MOSCOW, Russia — Clashes in Ukraine between police and protesters entered their second day on Monday amid cursory efforts by the authorities to seek a solution to a political crisis that has brought unprecedented violence to the streets of Kyiv.

But a resolution seemed distant as critics panned President Viktor Yanukovych’s pledge for a roundtable discussion, chaired by a man they say was responsible for ordering a violent assault on the protests after they first began late last year.

Andriy Kliuyev, head of the country’s National Security Council, was appointed to head a cross-party discussion aimed at calming tensions after the weeks-long anti-government movement erupted into violent clashes over the weekend, leaving scores of protesters and police injured.

But opposition leaders demanded to meet Yanukovych himself, and it remained uncertain by Monday evening whether the meeting would even take place.

“It makes sense only to hold negotiations with those who make decisions and carry responsibility for their implementation,” boxing champion and opposition leader Vitali Klitschko said Monday, local media reported.

Instead, Klitschko — who has emerged as the movement’s most visible leader — appealed to Ukrainians in a video address on Monday to flood Independence Square, the nerve center of the demonstrations that broke out last November in response to the government’s refusal to sign key agreements with the European Union.

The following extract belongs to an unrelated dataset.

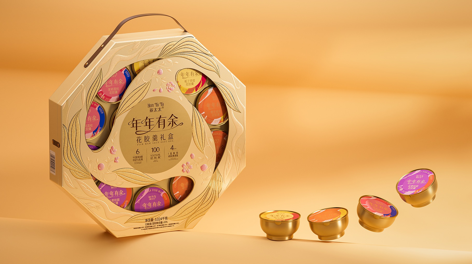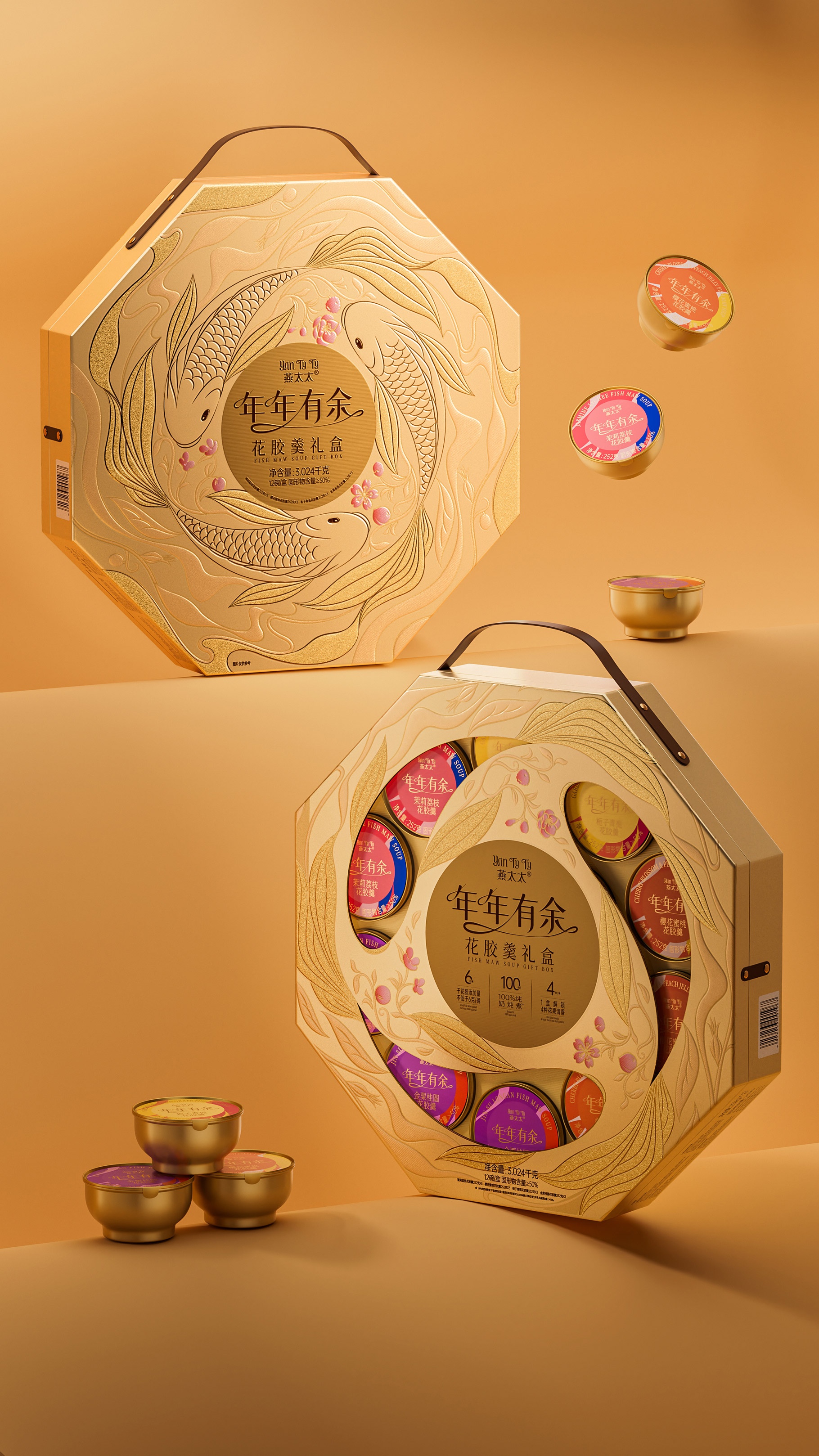 燕太太為山姆會員店精心專供的新年花膠羹禮盒產品,團隊在思考新年禮盒產品的時候,旨在通過一款獨特而富有深意的包裝設計,傳達出對美好未來的期許與祝福。此設計以“年年有余”為主題,巧妙融合魚與不同口味主題花卉的元素,通過完美旋轉的圖案創意,打造出一款既體現傳統韻味又不失現代美感的新年花膠羹禮盒。

“You are needed here so that Ukraine wins — not Yanukovych,” he said.

His call came a day after a rally in defiance of a sweeping anti-protest law passed last week descended into chaos, marked by tear gas, sound grenades and Molotov cocktails.

The violence was the most serious of the two-month-long protest movement and reportedly resulted in more than 200 injuries. Many of the injured were police officers.

Ukraine’s Interior Ministry said in a statement it has arrested at least 20 people for their alleged roles in “mass riots” on Sunday.

The Kyiv-based Institute of Mass Information, a media watchdog, says at least 26 journalists were injured during the fighting. Other observers reported that riot police were targeting journalists, including with rubber bullets.

On Monday, police and protesters largely refrained from open physical confrontation but instead exchanged a volley of rocks and Molotov cocktails, observers reported. Kyiv Post editor and Wall Street Journal contributor Katya Gorchinskaya was among them:

By Monday evening, protesters were setting up barricades and other street defenses in apparent preparation for further clashes.

Meanwhile, Western leaders continued to call for peace.

“All acts of violence must be duly investigated and those responsible brought to justice,” the EU Council of Ministers said Monday in a resolution, the Kyiv Post reported.

Protesters, angry with the government for turning its back on European integration and cracking down on mostly peaceful protests, have demanded the ouster of both Yanukovych and his cabinet since late November.

The leaders of Ukraine’s three main opposition parties have struggled to harness the mass discontent and have so far failed to take a clear lead in the grassroots protest movement.

Meanwhile, top Western officials have issued strong condemnations against the Ukrainian authorities and floated the possibility of sanctions against the Yanukovych administration. But some Ukrainians have bemoaned what they say has been the lack of clear Western support for the demonstrations.